Many dangerous products and drugs can often be made safer for just a few pennies. Yet surprisingly some manufacturers continue to try to put profit over safety and hope that they can escape justice. 

Holding foreign manufacturers accountable is even more daunting and requires experience and resources. We have represented injured victims of careless manufacturers for nearly twenty years ranging from defective prescription drugs, toys that hurt children and Chinese Drywall.

There are several products that are currently being evaluated for class action status and/or Multi District Litigation treatment.  We are actively involved in the following:

1. Meridia
   Meridia is a diet drug manufactured by Abbott.  The FDA has requested it be removed from the market because Meridia use has been related to an increased risk of heart attack and stroke.  The drug was removed from the European market in January 2010.  Meridia contains the ingredient Sibutramine Hydrocholride.  If you are taking or have taken the prescription diet drug Meridia immediately contact your prescribing physician and our our Meridia drug injury law firm for an evaluation of your legal rights.
   
2. Avandia
   Avandia is a diabetes drug that has been directly linked to an increased risk of heart attack and death.  The FDA determined that only those patients who absolutely cannot control their diabetes with any other medication should consider whether to continue to take Avandia in light of  the recent findings.  If you are currently taking Avandia, you should immediately consult with your prescribing physician and contact our Avandia lawyers for a regarding your legal rights.
   
3. Accutane
   Accutane is prescribed for the treatment of severe acne.  Unfortunately, the product has severe and sometimes lethal side effects.  The side effects range from Crohn’s Disease and Colitis to birth defects to feelings of depression which have led to suicide.
4. Asbestos
   Mesothelioma is a rare form of cancer.  Symptoms appear usually between 10 and 40 years after exposure to asbestos.  Particularly dangerous is the fact that the symptoms can appear similar to many less-serious diseases.  Usually, the risk of mesothelioma will increase with heavier and longer exposure to asbestos but some individuals with only brief exposures have developed mesothelioma.  People usually at risk are those who work in construction, renovating or razing buildings, however, their families are also at risk as they can be exposed to the asbestos fibers on the workers’ clothing. 
5. Fosamax
   Fosamax is prescribed for treatment of bone loss.  Its use can lead to a condition known as Osteonecrosis of the Jaw, also known as "Dead Jaw."  This condition causes the jawbone to decay and die.  The drug was first approved by the FDA in 1990.  In October, 2010 the FDA issued an advisory alert regarding an increased frequency of patients suffering sudden fractures and bone injuries. 
   
6. Yaz and Yasmin
   Yasmin is an oral contraceptive  made by Bayer.

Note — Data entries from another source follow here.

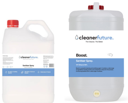
Boost Alcohol Surface Spray - 60% Ethanol Part Number: BOOST-102 Available in: 5L, 15L

Dart is commercial grade disinfectant used for cleaning a variety of surfaces and amenities. This powerful, lemon scented bactericide, has been created by Cleaner Future to kill micro-organisms found on everything from table tops to floors. Dart means dead for micro-organisms.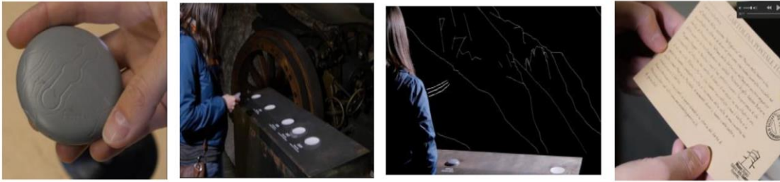
Figure 2. Voices from the Past in Fort Pozzacchio is a permanent installation at the Museo Storico Italiano Della Guerra. At the entrance, the visitor receives a pebble used to activate content at different stations along with the visit, when leaving the visitor returns. Source: (Not & Petrelli 2018)

Similarly, in the smart scenario, every object has embedded with story or history that facilitates the visitors while they visit the online or onsite scenario. In this scenario, the visitors can personalize the tangible interaction in cultural heritage by adaptivity and context awareness. The adaptivity allows the visitors to customize the application settings according to their will.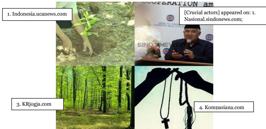
Figure 2. Visual images in a few news with the keyword “Berita Agama dan Lingkungan”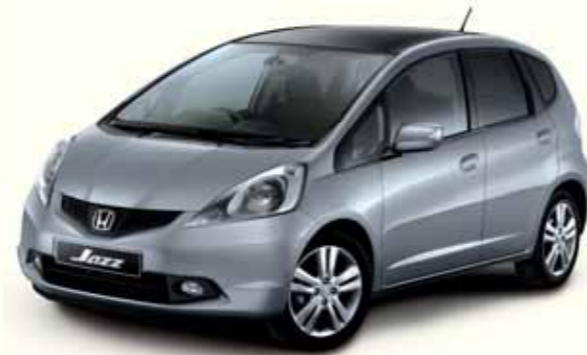
ALABASTER SILVER METALLIC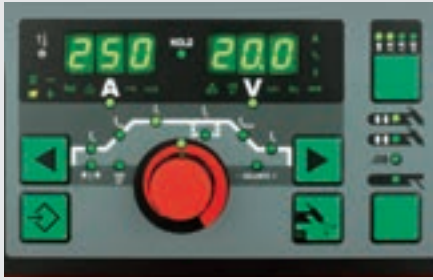
/ Control panel of MW 2500 Job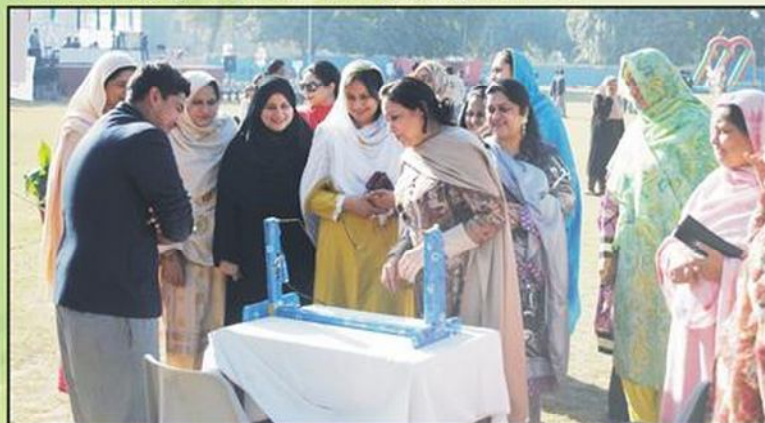
Ladies enjoying themselves on Passing the Ring Stall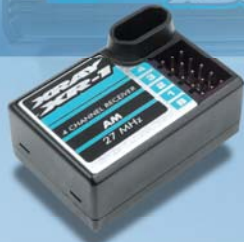
XRAY XR1 RECEIVER 3-CHANNEL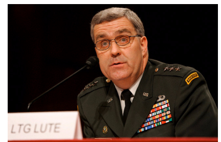
Lt. Gen. Douglas Lute during his confirmation hearing, June 2007.

advise the President with respect to the integration of domestic, foreign, and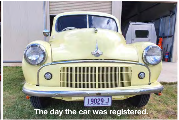
The day the car was registered.

It has been linked to heart attack, stroke, and blood clots in users. 
7. Ortho Evra
   Ortho Evra is a birth control patch that came on to the market in 2002. Patient reports between 2002 and 2004 show that Ortho Evra was 12 times more likely to cause strokes and 18 times more likely to cause blood clots than the conventional birth control pill according to NBC News.
8. Synthetic Vaginal Mesh
   Our Florida defective medical device law office is currently reviewing claims regarding the use of vaginal mesh. Synthetic vaginal mesh has been associated with an increased risk of erosion that can cause a number of very serious health concerns.  Women who have undergone surgery for the repair of a prolapsed vagina where synthetic vaginal mesh was utilized, are urged to seek immediate medical evaluation and to contact our office for a free initial consultation regarding your legal rights.
9. De Puy Hip Implants
   Johnson and Johnson has recalled both its ASR XL Acetabular System and ASR Hip Resurfacing System due to over 400 complaints of the devices failing before the intended 15 years.  13 percent of patients who have De Puy Hip Implants are now forced to undergo painful and costly revision surgeries.  Our Hip Implant law firm is representing individuals who have been subjected to dangerous and defective medical devices like the De Puy Hip Implant system.